Où en est la procédure judiciaire ?

 

Depuis l’ouverture de l’enquête en mars 2015, une centaine de personnes ont été entendues par le juge d’instruction, François Yameogo. « En ce qui concerne l’investigation, au plan interne, tous ceux qui sont directement impliqués dans cet assassinat ont été entendus, à l’exception évidemment de Hyacinthe Kafando et de Blaise Compaoré, précise maître Ambroise Farama, un des avocats de la famille de Thomas Sankara. Le juge d’instruction est désormais entré dans une seconde phase, il s’agit des investigations destinées à déterminer les commanditaires du 15 octobre. »

 

Avec l’enquête sur la répression de l’insurrection populaire d’octobre 2014 et celle sur le coup d’Etat manqué de septembre 2015, cette enquête est l’un des dossiers les plus attendus par les Burkinabè. Il aura fallu attendre la chute du régime de Blaise Compaoré, en octobre 2014, pour qu’une enquête soit enfin ouverte, 28 ans après les faits.

 

Pourquoi les présumées dépouilles n’ont-elles toujours pas été identifiées ?

 

Avec la désignation des commanditaires de l’assassinat de l’ancien Président, c’est l’autre gros mystère de cette affaire extraordinaire. Depuis l’exhumation des corps le 25 mai 2015, deux expertises ont été lancées. Une première, effectuée par un laboratoire français, affirmera que les analyses pratiquées sur les présumées dépouilles, enterrées à la va-vite au cimetière ouagalais de Dagnoën, n’ont pas permis de détecter de traces d’ADN. Une contre-expertise est alors demandée par le juge.
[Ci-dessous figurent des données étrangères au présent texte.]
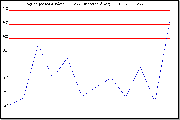 ZávodBodyVýkonnostZměna| 23.05.2007 | Obřany, 8.8 km | 64.17% | 64.16% | | | 27.06.2007 | Obřany, 8.8 km | 64.72% | 64.55% | +0.39% | | 12.05.2010 | Pisárky Anthropos, 6.3 km | 68.59% | 66.69% | +2.14% | | 26.05.2010 | Obřany, 8.8 km | 66.15% | 66.66% | -0.03% | | 09.10.2010 | Mizuno sedmička, 7 km | 67.58% | 67.14% | +0.48% | | 28.09.2011 | Blažovice – Svatováclavský běh , 11 k | 64.83% | 66.53% | -0.61% | | 27.06.2012 | Obřany, 8.8 km | 65.52% | 66.32% | -0.21% | | 28.09.2012 | Blažovice – Svatováclavský běh, 11 km | 66.16% | 66.36% | +0.04% | | 01.07.2015 | Obřany, 8.8 km | 64.77% | 66.00% | -0.36% | | 18.07.2018 | Obřany, 8.8 km | 66.96% | 66.34% | +0.34% | | 12.09.2018 | Pisárky Anthropos, 6 km | 64.43% | 65.98% | -0.36% | | 15.05.2019 | Kociánka, 3.2 km | 70.17% | 67.21% | +1.23% | | | | |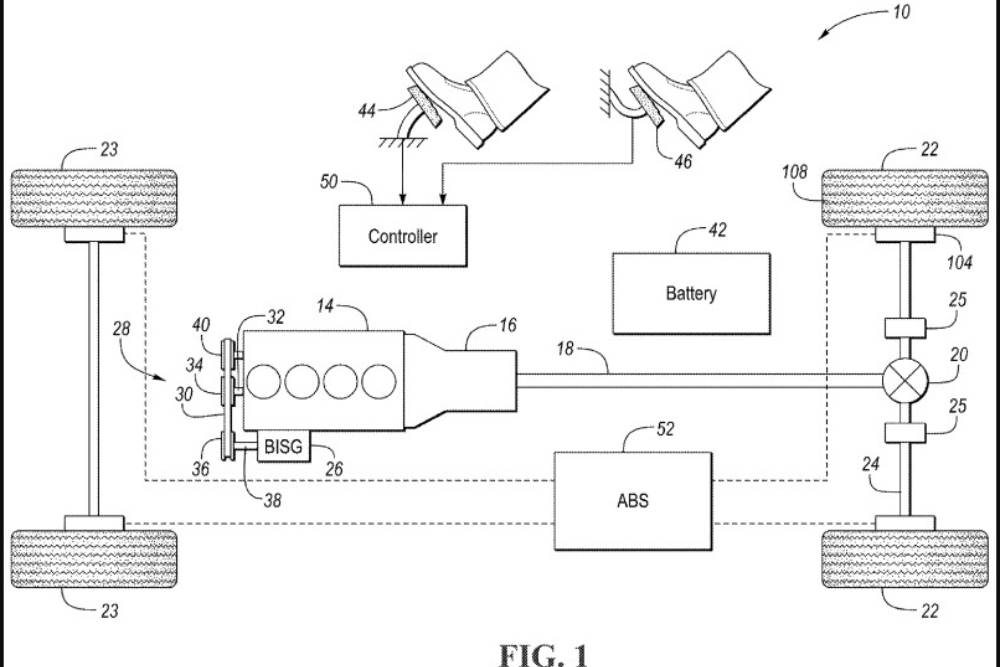 Όπως είδαμε στην αρχή της εβδομάδας, το «Μπλε Οβάλ» πατεντάρισε ένα νέο σύστημα drift mode με αποδέκτη τόσο μοντέλα με θερμικούς κινητήρες, όσο και ηλεκτρικούς. Δεν άργησαν να φουντώσουν οι φήμες για εξέλιξη ανάλογης Mustang, καθώς οι Αμερικανοί είχαν κάνει σχετικές αναφορές πέρσι. Οπότε τι πιο λογικό από την μετουσίωσή τους σε υλικό αποτέλεσμα, με την επόμενη γενιά ‘Stang; Στα σχέδια που κατατέθηκαν στο αρμόδιο Γραφείο Ευρεσιτεχνιών των Η.Π.Α., απεικονίζεται ένας τετρακύλινδρος κινητήρας κατά το διαμήκη άξονα, σε συνεργασία με ήπιο υβριδικό σύνολο BISG. Στον πίσω άξονα παρατηρούμε δυο σετ συμπλεκτών, εκατέρωθεν του διαφορικού, που αποτελούν δομικά συστατικά του drift mode.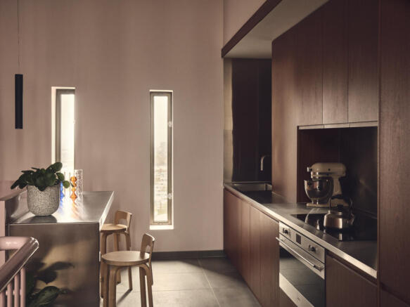 Located on the 21st floor of Balfron Tower, this two-bedroom apartment has well-proportioned rooms, underfloor heating and a Balcony with built-in planter and skyline views. This space, designed by Ab Rogers, is part of a considered retrofit of this east London landmark. Its palette draws on research into the Goldfinger archives and each fixture has been carefully selected for style and longevity It’s fully furnished with bespoke pieces designed for Balfron Tower, including a deep-filled sofa with a midcentury silhouette, a cocooning armchair upholstered in cosy bouclé, a coffee table with terrazzo top, a sideboard and a steel bookshelf. The dining area features a contemporary table with tapered legs and enough curved-back chairs for the whole gang, while all bedrooms include a double ottoman storage bed with upholstered headboard, plus a solid wood bedside table and chest of drawers.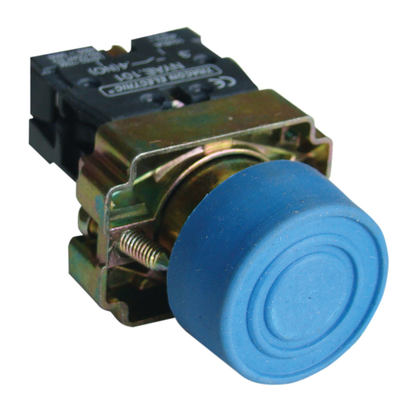 TRACON NYGBP61K Gumiburkolatos nyomógomb, fémalapra szerelt, kék 1×NO, 3A/240V AC, IP55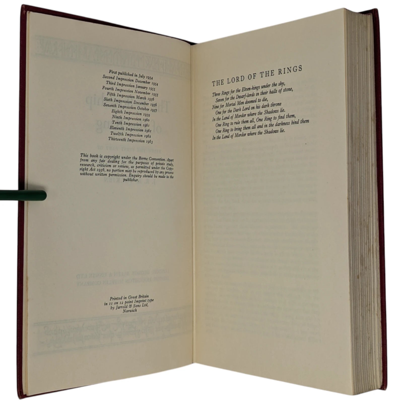 The Fellowship of the Ring, by J.R.R. Tolkien. London: George Allen & Unwin, 1963. First edition, 13th print.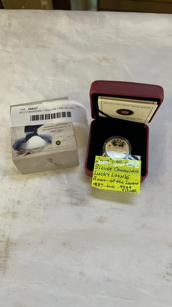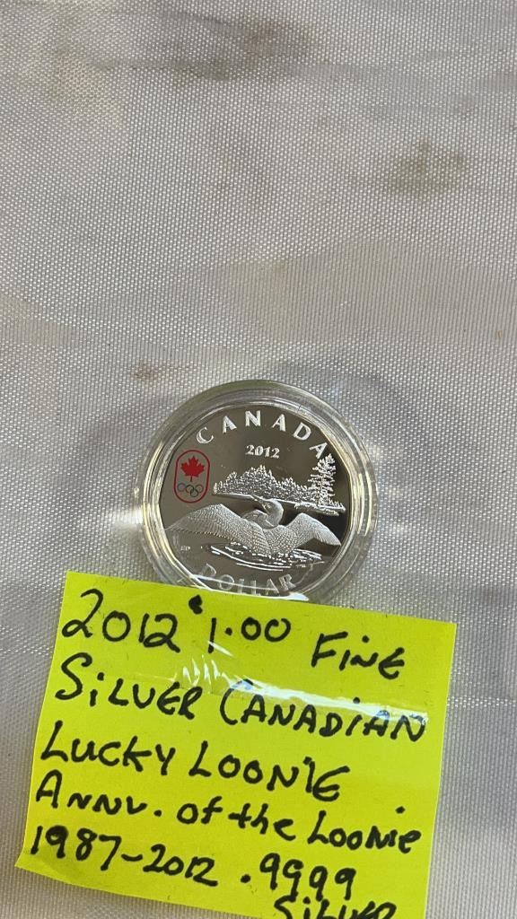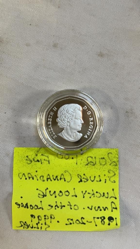 2012 CANADIAN 1 DOLLAR FINE SILVER LUCKY LOONIE ANNIVERSARY OF LOONIE .9999 SILVER
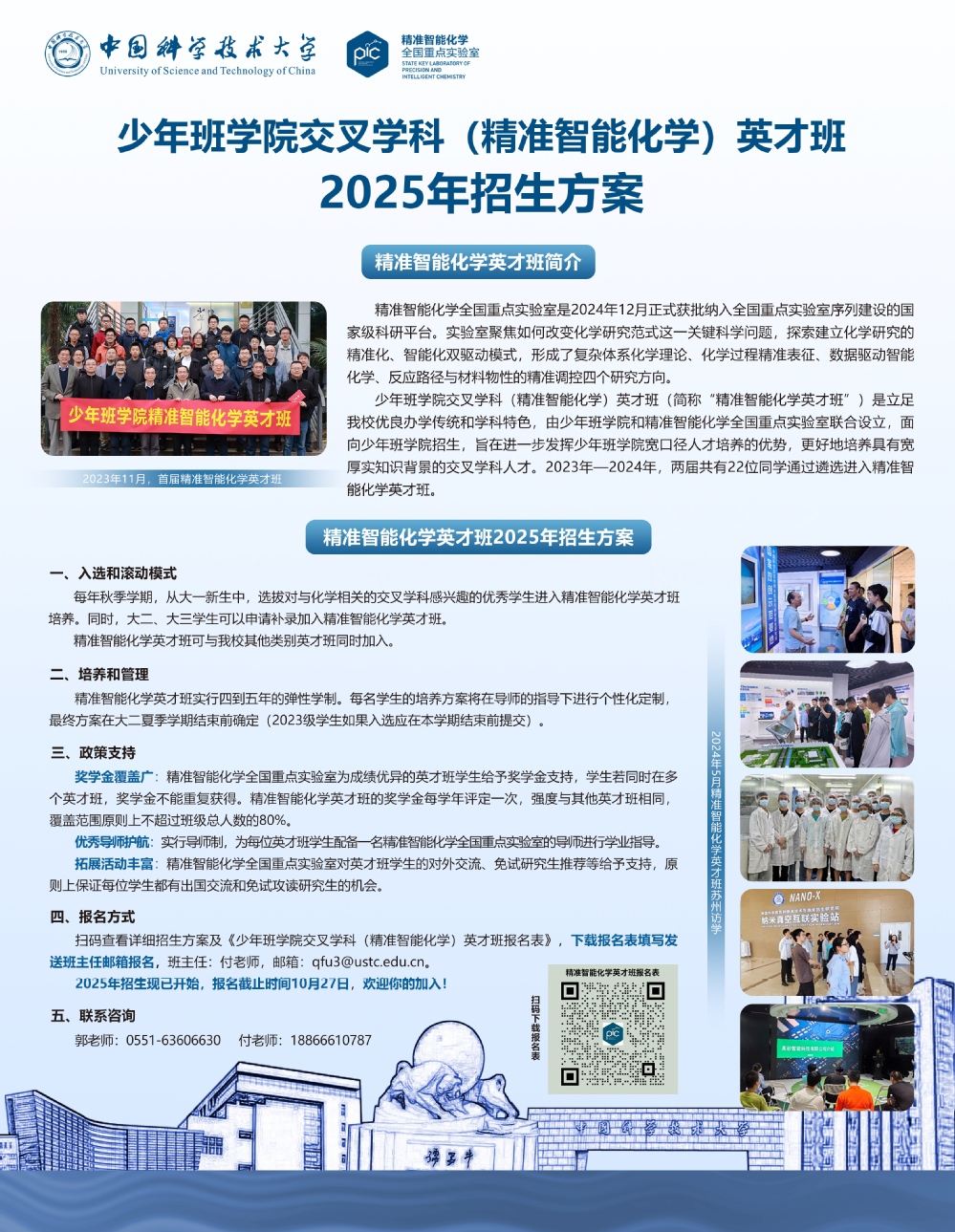 少年班学院交叉学科(精准智能化学)英才班(简称“精准智能化学英才班”)是立足我校优良办学传统和学科特色,由少年班学院和精准智能化学全国重点实验室联合设立,面向少年班学院招生,旨在进一步发挥少年班学院宽口径人才培养的优势,更好地培养具有宽厚实知识背景的交叉学科人才。2023年—2024年,两届共有22位同学通过遴选进入精准智能化学英才班。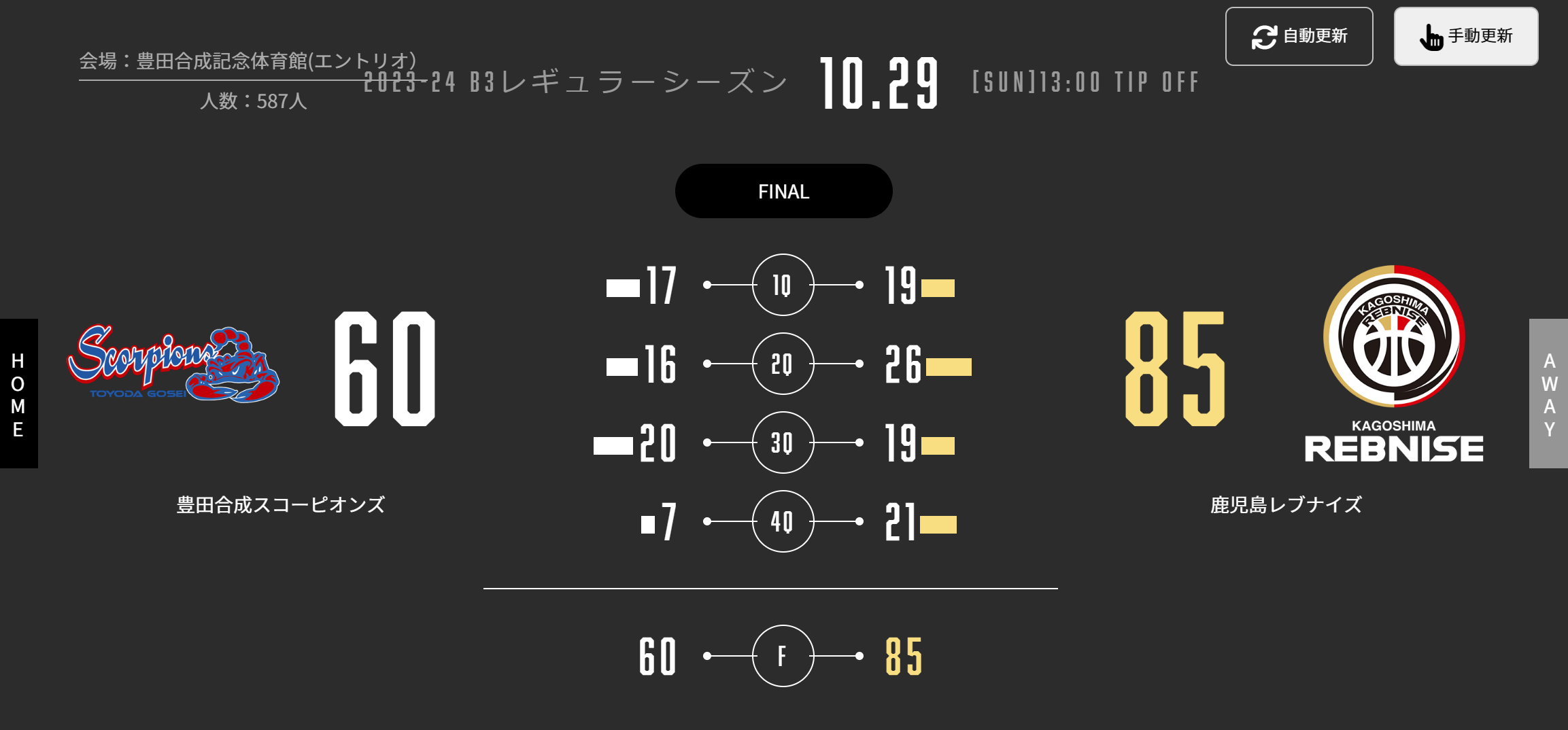本日(10/29)、B3リーグ 2023-24シーズン 第4節 AWAY豊田合成記念体育館(エントリオ)で豊田合成スコーピオンズと対戦しました。試合結果をお知らせします。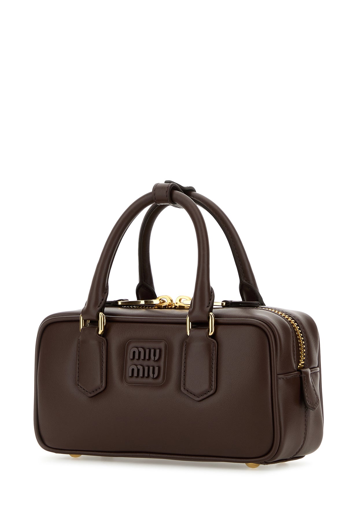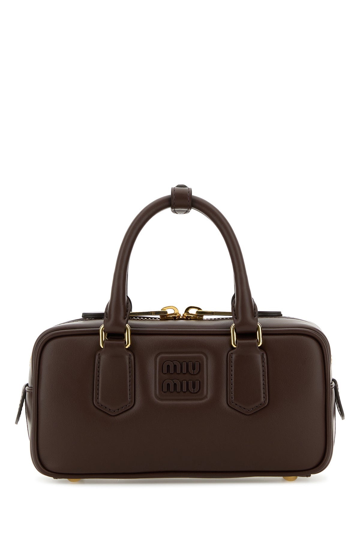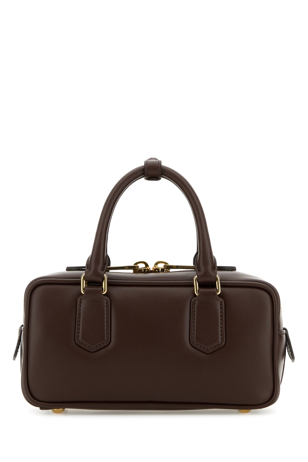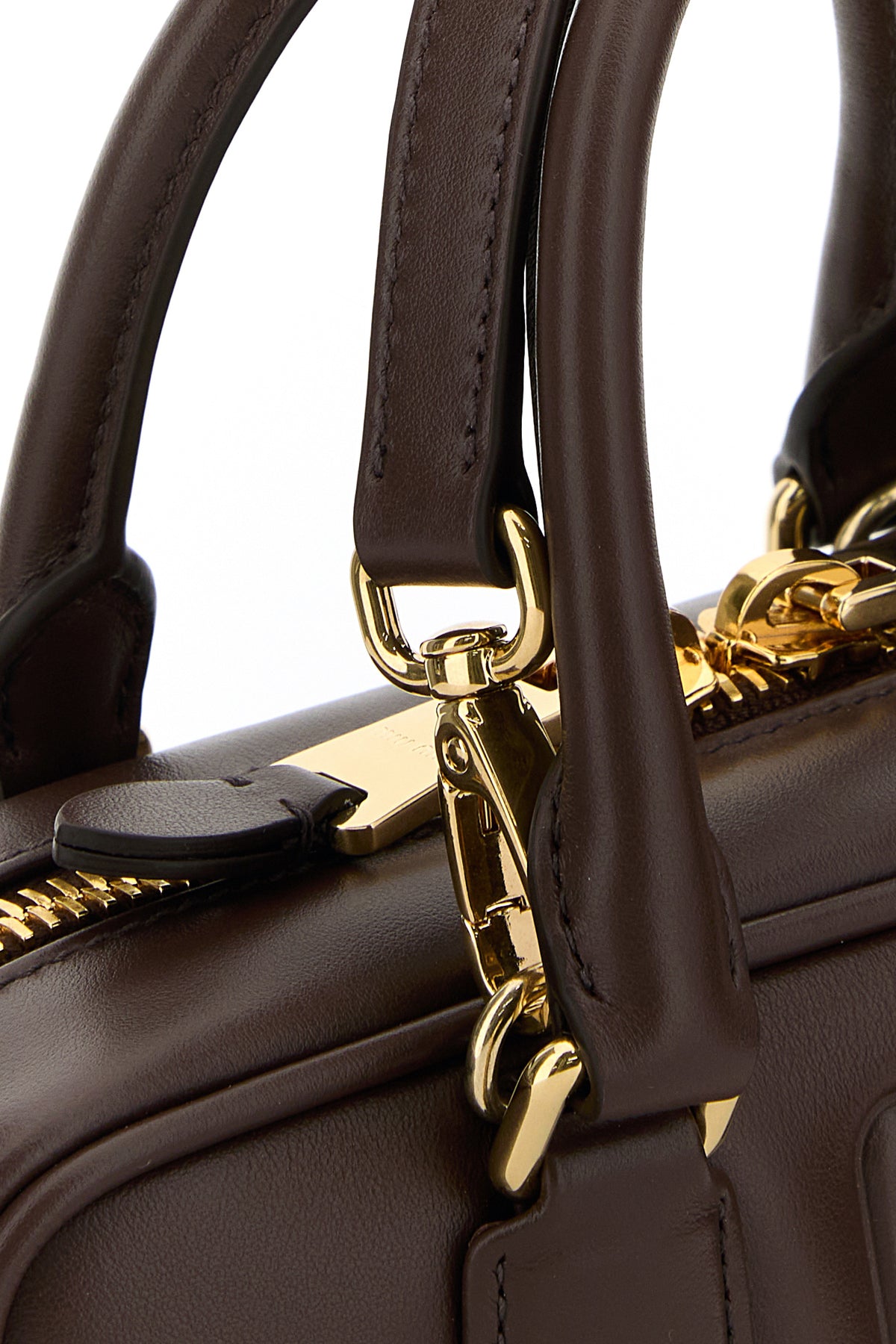 Handbag realized smooth leather enriched by tonal metal lettering logo at the front.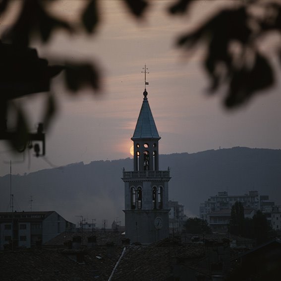 Campanile della chiesa metropolitana dei Santi Ilario e Taziano (Duomo); sul fondo il Monte Calvario |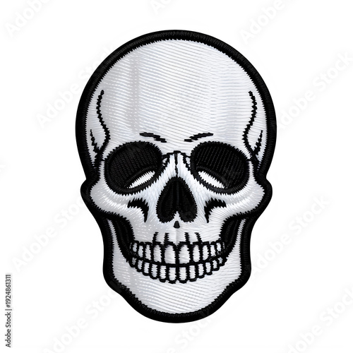 © DREAM STORE, Obraz premium Embroidered White Skull Patch with Black Outline isolated on a transparent background

En juin 2016, le laboratoire commissionné, celui de l’Institut de médecine légale de l’université de Santiago, en Espagne, aboutit aux mêmes conclusions : « aucun profil génétique » n’a pu être trouvé. « Ce sont les conditions de conservation des corps qui fait qu’aujourd’hui, il est difficile de pouvoir trouver des éléments d’ADN, explique maître Ambroise Farama. La tombe la plus profonde était à environ 55 centimètres du sol, les corps étaient pratiquement exposés aux effets du vent, du soleil et de la pluie. »

 

Cette absence d’ADN constitue-t-elle un frein à l’avancée de la procédure judiciaire ?

 

« Cette recherche infructueuse d’ADN ne fait pas obstacle à l’instruction du dossier, c’est totalement dissocié », souligne maître Bénéwendé Sankara, l’un des autres avocats de la famille de Thomas Sankara. D’autant qu’un autre processus d’identification, visuel cette fois-ci, a déjà permis aux familles des victimes d’identifier les présumées dépouilles. « Des objets qu’on a retrouvé dans les tombes, des pièces d’identité et des vêtements que portaient ce jour-là les victimes ont été reconnus », ajoute l’avocat. L’expertise balistique a aussi permis de constater que le présumé corps de Thomas Sankara était « criblé de balles ». Les familles vont-elles demander une nouvelle expertise scientifique pour identifier les présumées dépouilles ? Pour l’heure, elles n’ont, selon leurs avocats, pas encore tranché. Les corps sont donc toujours sous scellée entre les mains de la justice militaire.